Бахтин соглашается с Веселовским в том, что шут был носителем «другой, нефеодальной, неофициальной правды»14, и полемизирует с тем, что Веселовский «берет шута изолированно от всей остальной могучей смеховой культуры средневековья и потому понимает смех лишь как внешнюю защитную форму для «условно-отвлеченной истины»»15. Бахтин при этом согласен с тем, что «смех, безусловно, был и внешней защитной формой. Он был легализован, он имел привилегии, он освобождал (в известной только мере, конечно) от внешней цензуры, от внешних репрессий, от костра. Этот момент нельзя недооценивать. Но сводить к нему все значение смеха совершенно недопустимо. Смех не внешняя, а существенная внутренняя форма, которую нельзя сменить на серьезность, не уничтожив и не исказив самого содержания раскрытой смехом истины. Он освобождает не только от внешней цензуры, но прежде всего от большого внутреннего цензора, от тысячелетиями воспитанного в человеке страха перед священным, перед авторитарным запретом, перед прошлым, перед властью. Он раскрывал материально-телесное начало в его истинном значении. Он раскрывал глаза на новое и будущее. Он, следовательно, не только позволял высказывать антифеодальную народную правду, но он помогал и самому ее раскрытию, и внутреннему формированию. И эта правда тысячелетиями формировалась и отстаивалась в лоне смеха и народно-праздничных смеховых форм.

Смех раскрывал мир по-новому в его максимально веселом и максимально трезвом аспекте. Его внешние привилегии неразрывно связаны с этими внутренними его силами, они являются как бы внешним признанием его внутренних прав. Поэтому смех менее всего мог становиться орудием угнетения и одурманивания народа. И его никогда не удавалось сделать до конца официальным. Он всегда оставался свободным оружием в руках самого народа»16.
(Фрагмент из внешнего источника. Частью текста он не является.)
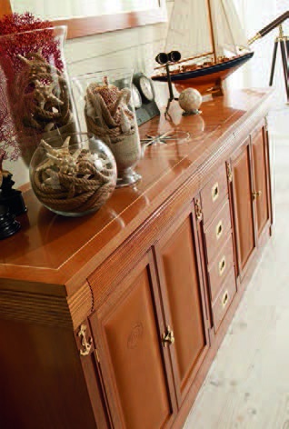 The buffet Sestante Italian manufacturer Caroti. The sideboard is made of natural mahogany with drawers and hinged doors, upholstered in natural leather colours to choose from the catalog factory. Decorated with a manual carving. Colors in light brown tones. The design for classical dining room interior.

Заслуживает внимания тот факт, что одной из особенностей смеха во время карнавала является его двусторонняя направленность, которая включает в себя и осмеяние самого насмешника. Люди не отделяют себя от мира, всецело подверженного изменениям. Они подчеркивают свое несовершенство, незавершенность своего «я», символически умирая во время карнавала, снова оживают и обновляются.

В течение карнавала люди вступают на территорию утопической свободы, равенства и изобилия, бессознательно выставляя напоказ такие свои качества, как нарочитую шутливость, неофициальность, религиозную индифферентность, аполитичность. Мир выглядит непривычно. Фактически создается другой мир, лежащий в иной плоскости по отношению к повседневности с ее привычной иерархией. Шуты и дураки средневекового карнавала являются заслуживающими уважения выразителями его духа. Постоянное присутствие их делает пародийное воспроизведение и высмеивание серьезных обрядов незыблемой частью традиционных карнавалов. Высмеивая политические, социальные и религиозные догмы, участники карнавала освобождаются от необходимости следовать установленной в обществе иерархической системе17.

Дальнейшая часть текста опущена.